Abstract

The primary objective of this study is to assess the performance of Saudi banks over a specified period, which is from 2015 to 2021. The chosen methodology for this analysis is panel data regression. Panel data combines cross-sectional and time-series data, making it suitable for examining trends and relationships over time among different entities (in this case, banks). The study uses annual financial data for the 10 selected banks over the seven-year period, from 2015 to 2021. The study finds a marginally negative association between COVID-19 and the performance indicators ROA and ROE. This suggests that the COVID-19 pandemic had a slightly adverse impact on the profitability and equity returns of the Saudi banks included in the analysis. The study employs a dummy variable, likely called "COVID," to account for the impact of the COVID-19 pandemic.
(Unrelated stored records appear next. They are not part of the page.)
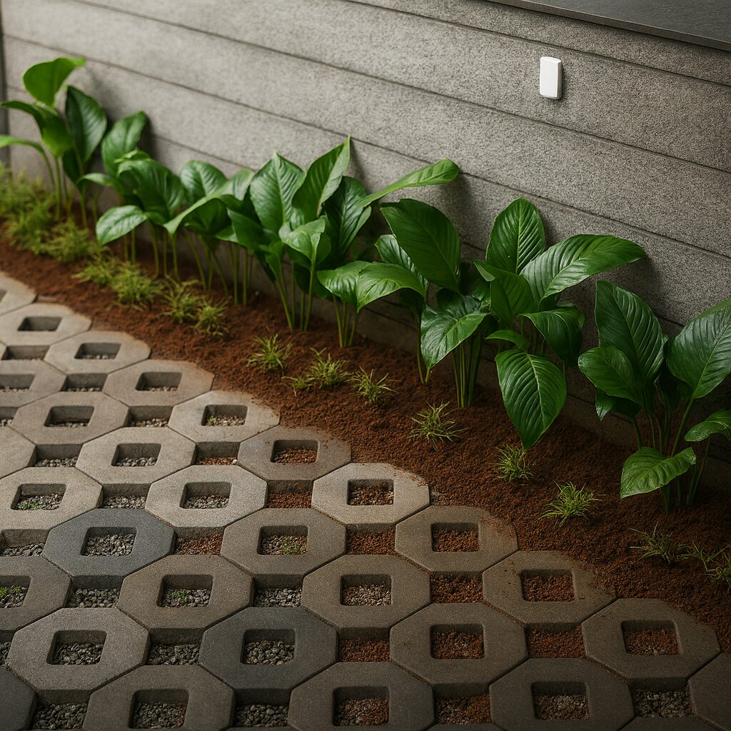 The design integrates Bird’s Nest Fern, Philodendron Xanadu, Alocasia, and Ginger Lily in curated clusters that thrive in partial shade and humid conditions. Each bed is carefully composed to emphasize lush foliage over floral color, creating a soothing palette of greens and earthy browns. The hexagonal concrete pavers and clean boundary walls give a modern contrast, while the newly laid Zoysia-type lawn and young trees add softness and continuity to the space.
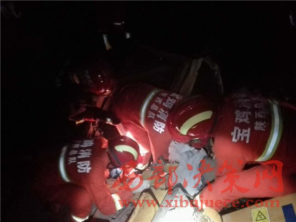 西部決策網(wǎng)-西部大開發(fā)訊(帥華鋒 杜杰 通訊員 史璐峣))4月25日19:09分,寶雞市拓石鎮(zhèn)仙龍村一輛裝載機(jī)側(cè)翻山崖,兩名駕駛?cè)藛T被困。渭濱公安消防大隊(duì)巨福路中隊(duì)接指揮中心接警后立即出動(dòng)兩輛水罐消防車官兵12人趕赴現(xiàn)場(chǎng)。途中與報(bào)警人聯(lián)系被困人員位于20米深的山崖里,已無(wú)生命體征。
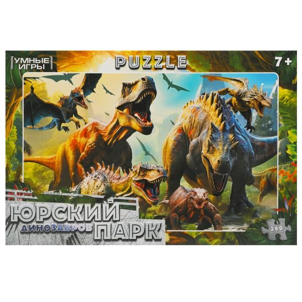 Классические пазлы в коробке «Юрский парк динозавров» ТМ «Умные игры» - отличная развивающая игра для детей: - 260 деталей - размер готовой картинки: 331 х 238 мм - яркие цвета - все элементы хорошо и плотно соединяются друг с другом Данный пазл представляет собой игру-головоломку, в которой необходимо в правильной последовательности соединить элементы друг с другом и получить в результате красочную картинку с изображением древних ящеров. Сборка пазлов - это очень увлекательное занятие, в процессе которого дети учатся искать и совмещать детали разной формы, с каждым разом делая это всё лучше и быстрее. Собирая пазлы ТМ «Умные игры», ребёнок будет развивать: - внимание - память - мышление - моторику - усидчивость Размер упаковки: 285 x 190 x 33 мм. Материал: картон. Рекомендовано детям от 7-ми лет.
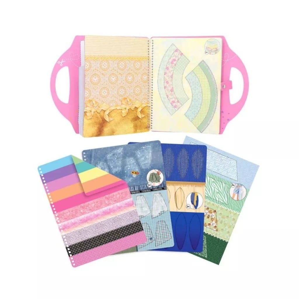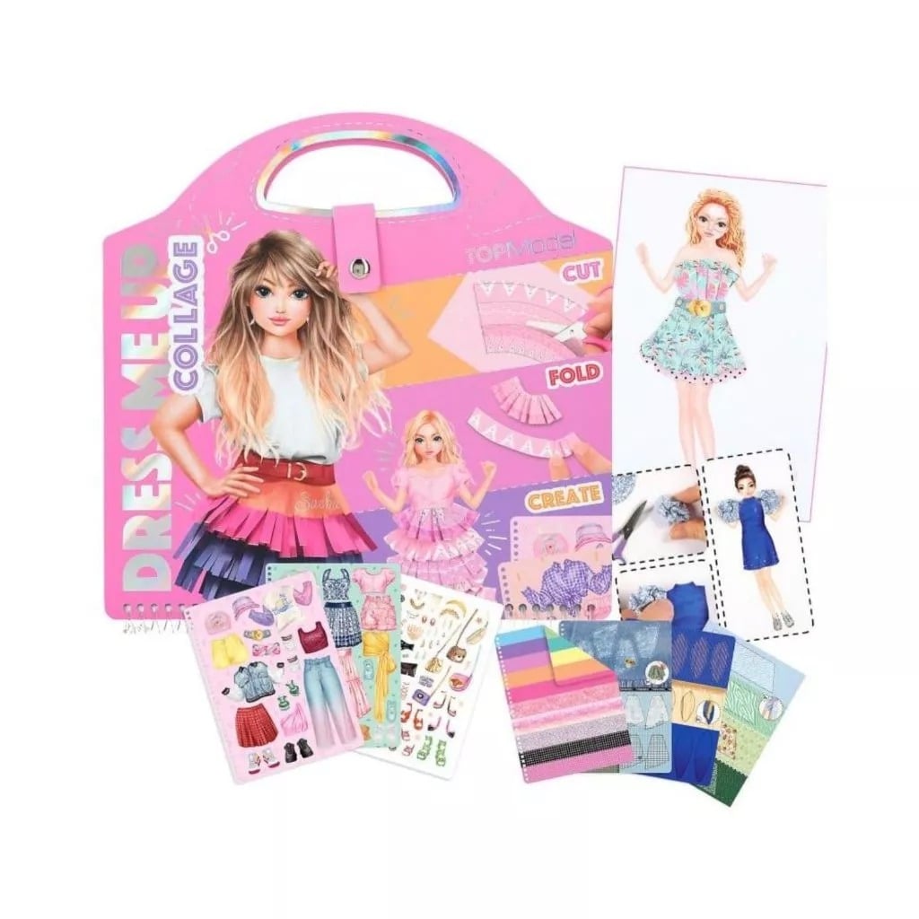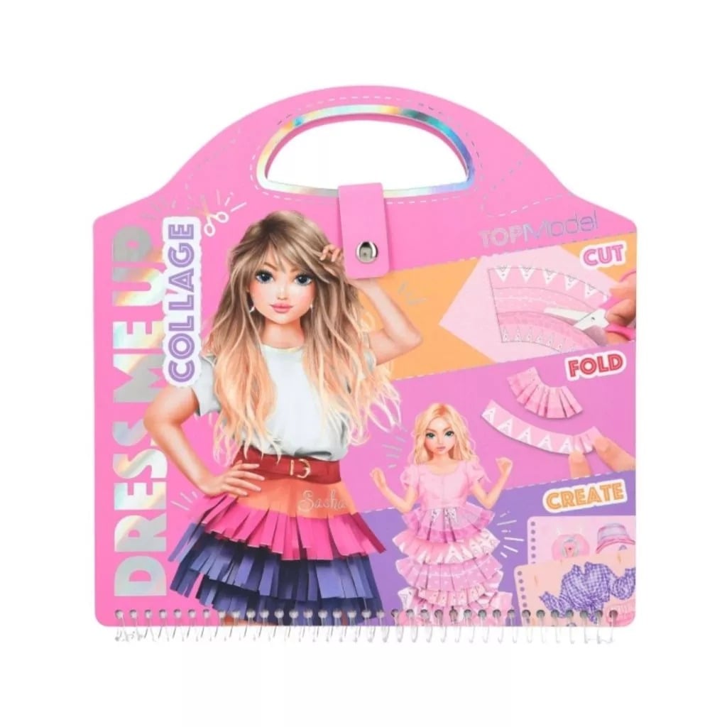 TOPMODEL Dress Me Up Collage Book bao gồm 20 trang có người mẫu, 20 trang mẫu vải tuyệt đẹp, 50 trang sticker, 1 trang sticker sa-tanh và 1 trang sticker nhũ.
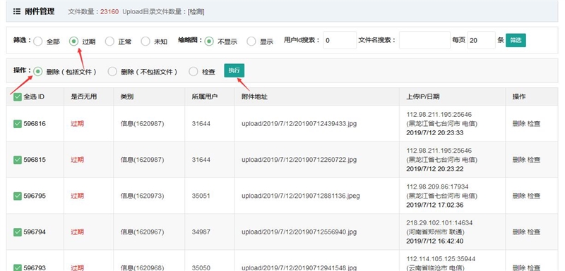 如何删除过期附件方法一、通过上部的筛选,选择过期图片,全选,选择删除(包括文件)点执行就可以了
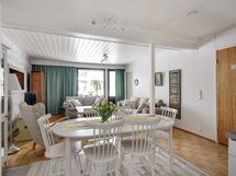 Muuttovalmis rivitalokoti: tilava olohuone tupakeittiöllä, mukavan kokoiset makuuhuoneet, paljon kaappitilaa ja erillinen WC. Huoneisto on yhdessä tasossa, autotalli ja kaksi ulkovarastoa talon välittömässä yhteydessä. Käyttövesi-, lämmönjakohuoneremontti sekä julkisivun korjaus v. 2019-2020 sekä ikkunat ja ovet sekä huoneiston lukitus uusittu v. 2024. Etupihalla viihtyisä terassi, lisäksi pieni takapiha. Kaikki palvelut lähellä, rauhallisella ja viihtyisällä alueella.
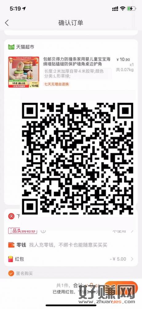 1-保存图片。桃宝扫码领天猫超市5膨胀福袋虹包--0.
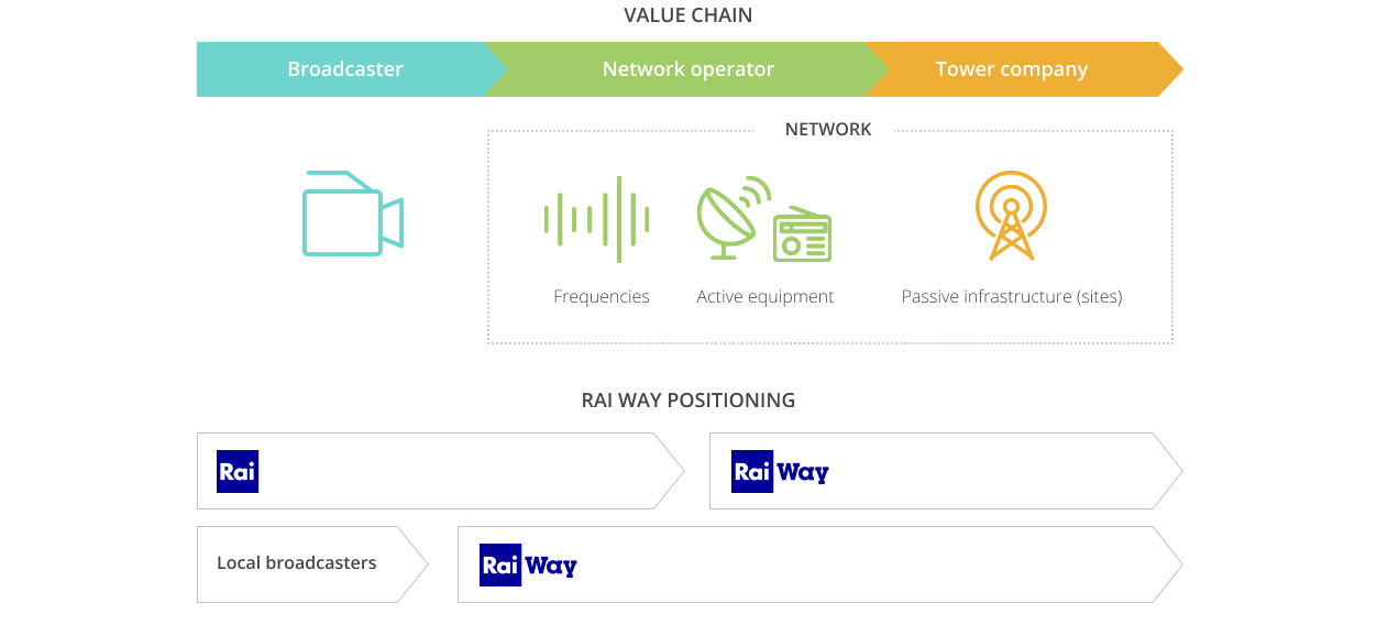 It is the sole operator of the radio and television broadcasting networks that carry the signals of RAI, whose social function of public service it guarantees by providing 99 percent population coverage on the DTT (Digital Terrestrial Television) platform.
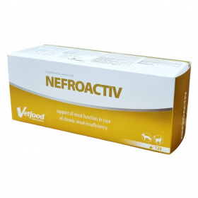 A NEFROACTIV egy olyan termék, amely a veseműködést támogatja felnőtt, krónikus veseelégtelenségben szenvedő kutyák és macskák esetében. A termék három hatóanyag innovatív kombinációját tartalmazza: lantán-karbonátot, Lespedeza capitata kivonatot és kitozánt. A lantán-karbonát csökkenti a foszfátfelszívódást. A Lespedeza capitata kivonat gazdag forrása a flavonoidoknak, amelyek gyorsíthatják a diurézist. A kitozán a D-glükózamin polimerje, amely tovább csökkentheti a foszfor felszívódását. Szükség esetén a kapszula felnyitható és a tartalma az eledelbe keverhető. Ha kedvence kizárólag száraz eledelt kap, nedvesítse meg a szemcséket a rászórt por megtapadása érdekében, így biztosítható a teljes mennyiség bevétele. A kapszula tömege: 640 mg. Technológiai adalékanyagok: mikrokristályos cellulóz, metil-cellulóz (kapszula), citromsav. Zootechnológiai adalékanyagok: lantán-karbonát-oktahidrát (150 mg/kapszula).

The results indicate that there is a statistically significant but weakly negative association between return on equity (ROE) and credit risk (CR). The study finds that credit risk and liquidity risk are both insignificant when analyzing return on assets (ROA). These findings provide valuable insights into how external factors like a pandemic and internal factors like credit risk can affect the financial performance of banks. The study's results offer regulatory authorities in Saudi Arabia a valuable resource for making informed decisions regarding the financial performance and stability of the banking sector during a crisis. By incorporating these findings into their policies and oversight activities, regulatory bodies can contribute to a healthier and more robust banking system that benefits both the financial institutions and the broader economy.